### To do
The answer must consist solely of the lines below starting at the one containing "KNITTING PATTERN: Sandbar" and ending at the one containing "在上海,不少游客來到青浦區(qū)的古鎮", repeated exactly, with both ends included and all pictures omitted.

┄┄┄┄┄┄┄┄┄┄

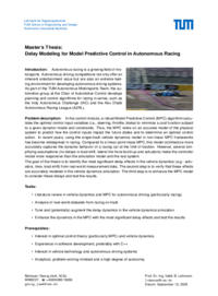 The goal of the thesis is to identify the most significant delay effects in the vehicle dynamics (e.g.: actuators, tires, load shift) from real-world measurement data. The second step is to verify that these effects are accurately modeled in the vehicle dynamics simulation. The third step is to enhance the MPC model to consider these delays and test the results.
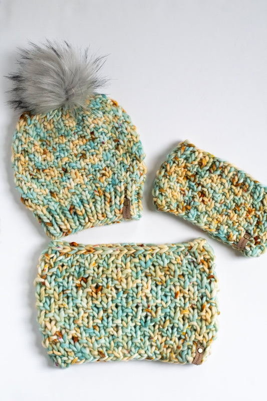 KNITTING PATTERN: Sandbar Pattern Set; Hat, Cowl, and Headband Patterns
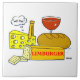 Limburger Cheese Lover Humourous Cartoon Kitchen ceramic tile or Trivet features a funny oon depicting two cheeses, a glass of red wine and a crusty loaf of french bread. Use to place under hot pots or pans, or place on the counter propped up against the wall to amuse visitors or guests at a tasting party you're hosting. If you're tiling your counter, cosider replacing one of the standard tiles with this one...especially if you're a Turophile!
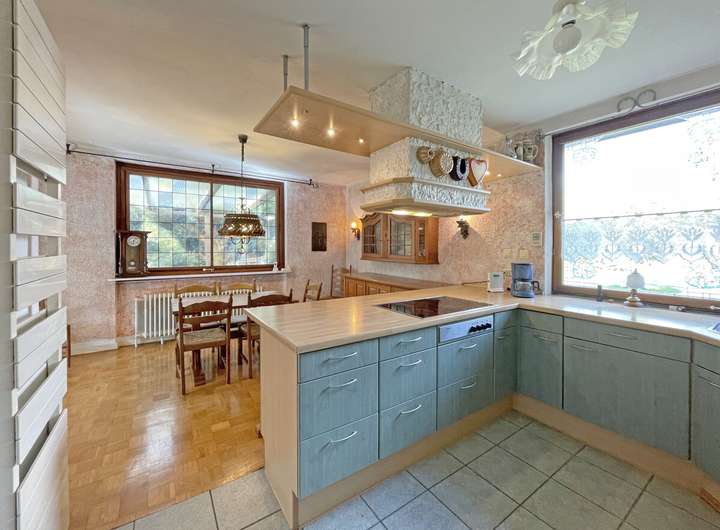 Diese solide Immobilie bietet eine zeitgemäß ausgestattete Einbauküche mit offener Gestaltung, die sowohl funktional als auch optimal dem angrenzenden Wohn-Essbereich angeschlossen ist. Der Kamin im Wohnbereich sorgt für wohlige Wärme und eine einladende Atmosphäre, insbesondere an kälteren Tagen. Die großzügigen Terrassen, teilweise überdacht, erweitert den Wohnbereich nach draußen und laden gemeinsam mit den zahlreichen Sitzplätzen auf dem Grundstück zu entspannten Stunden im Freien ein. Die Zentralheizung (BJ 2022), betrieben mit umweltfreundlichem Pelletsystem, sichert eine effiziente und nachhaltige Beheizung der gesamten Räumlichkeiten.
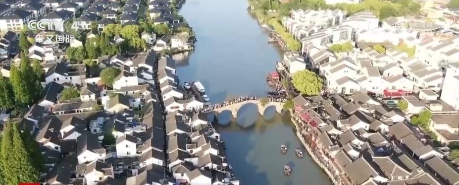 在上海,不少游客來到青浦區(qū)的古鎮(zhèn)朱家角,感受江南的水鄉(xiāng)風情。除了看園林、看建筑,還有一系列沉浸式游覽。游客可以坐上小船,也可以走進茶樓,感受水鄉(xiāng)風情,聽聽評彈,吃江南糕點,品上海味道。
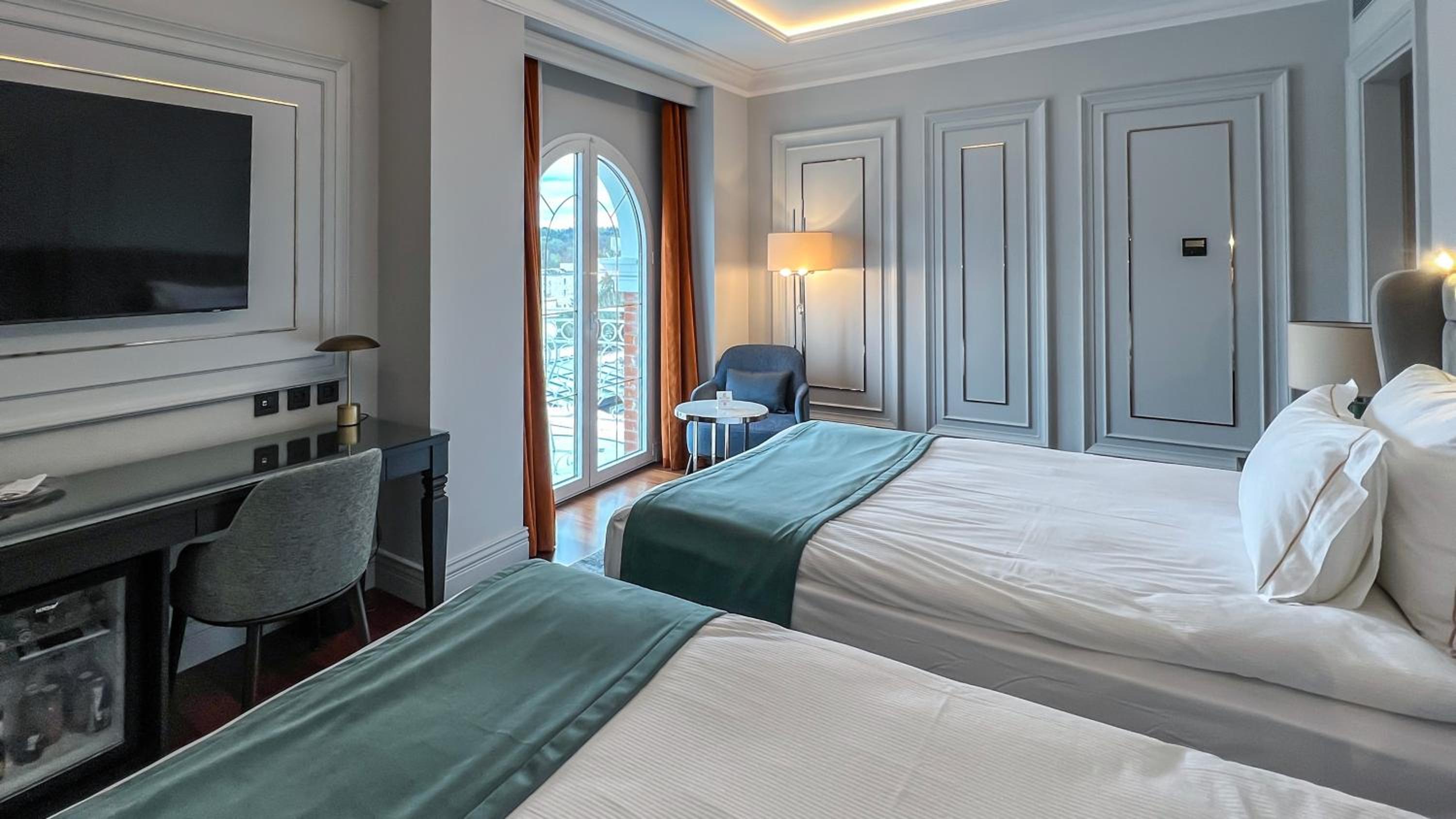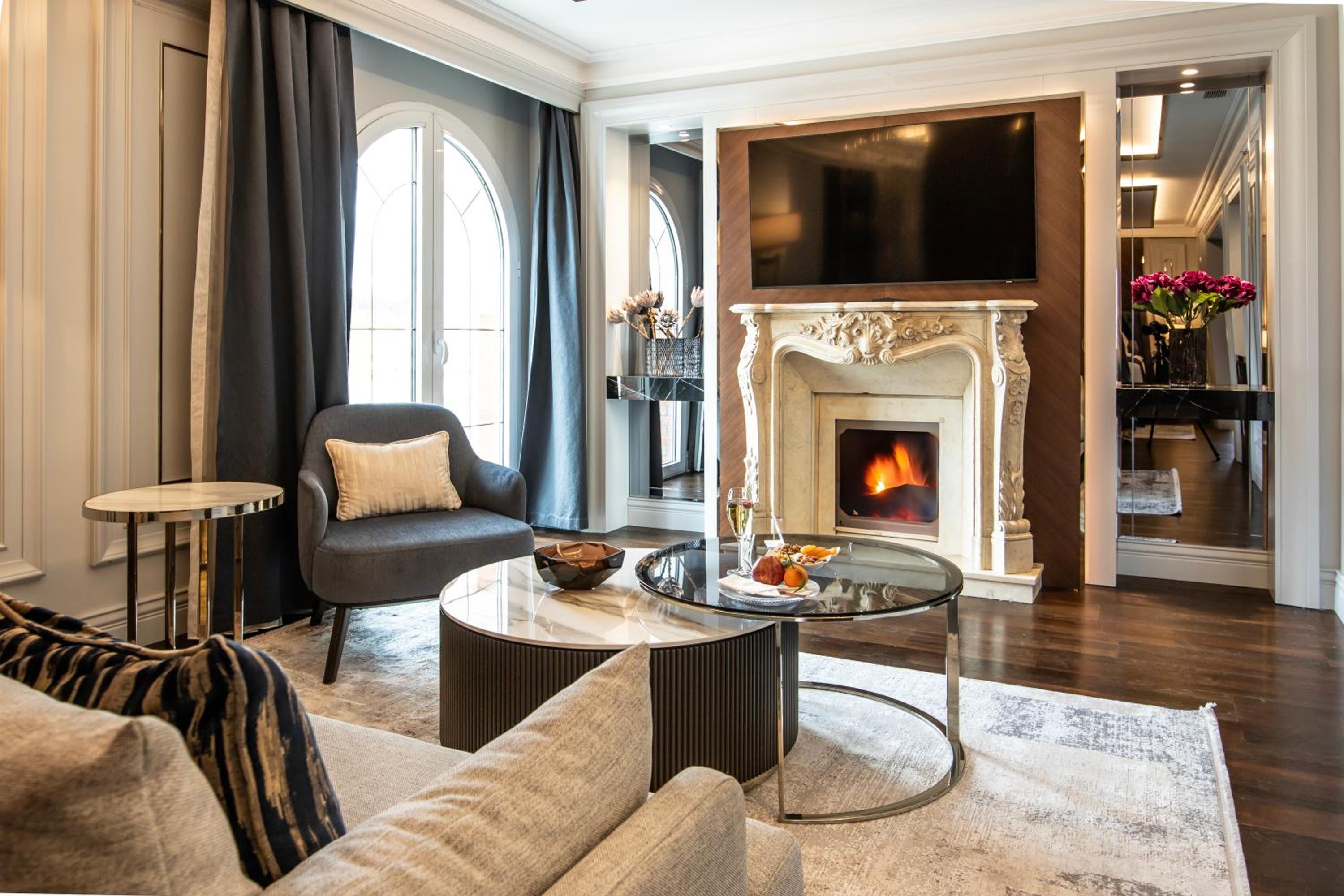 Experience lavish furnishings and modern amenities in our accommodation units, including air-conditioning, flat-screen TVs, and French balconies. Enjoy complimentary water, fruit, and deluxe toiletries in each room for a luxurious stay.
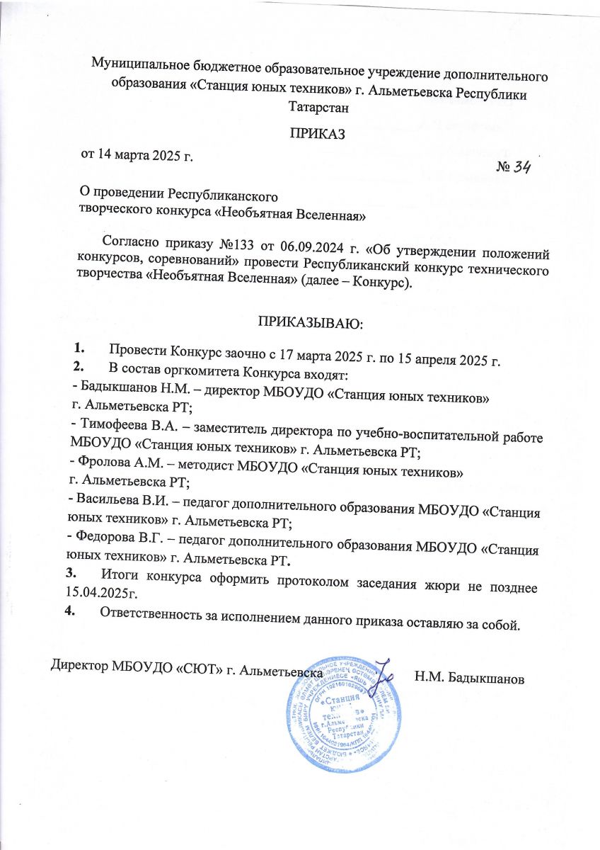 Приказ о проведении республиканского творческого конкурса "Необъятная Вселенная"

┄┄┄┄┄┄┄┄┄┄

### Result
 KNITTING PATTERN: Sandbar Pattern Set; Hat, Cowl, and Headband Patterns
 Limburger Cheese Lover Humourous Cartoon Kitchen ceramic tile or Trivet features a funny oon depicting two cheeses, a glass of red wine and a crusty loaf of french bread. Use to place under hot pots or pans, or place on the counter propped up against the wall to amuse visitors or guests at a tasting party you're hosting. If you're tiling your counter, cosider replacing one of the standard tiles with this one...especially if you're a Turophile!
 Diese solide Immobilie bietet eine zeitgemäß ausgestattete Einbauküche mit offener Gestaltung, die sowohl funktional als auch optimal dem angrenzenden Wohn-Essbereich angeschlossen ist. Der Kamin im Wohnbereich sorgt für wohlige Wärme und eine einladende Atmosphäre, insbesondere an kälteren Tagen. Die großzügigen Terrassen, teilweise überdacht, erweitert den Wohnbereich nach draußen und laden gemeinsam mit den zahlreichen Sitzplätzen auf dem Grundstück zu entspannten Stunden im Freien ein. Die Zentralheizung (BJ 2022), betrieben mit umweltfreundlichem Pelletsystem, sichert eine effiziente und nachhaltige Beheizung der gesamten Räumlichkeiten.
 在上海,不少游客來到青浦區(qū)的古鎮(zhèn)朱家角,感受江南的水鄉(xiāng)風情。除了看園林、看建筑,還有一系列沉浸式游覽。游客可以坐上小船,也可以走進茶樓,感受水鄉(xiāng)風情,聽聽評彈,吃江南糕點,品上海味道。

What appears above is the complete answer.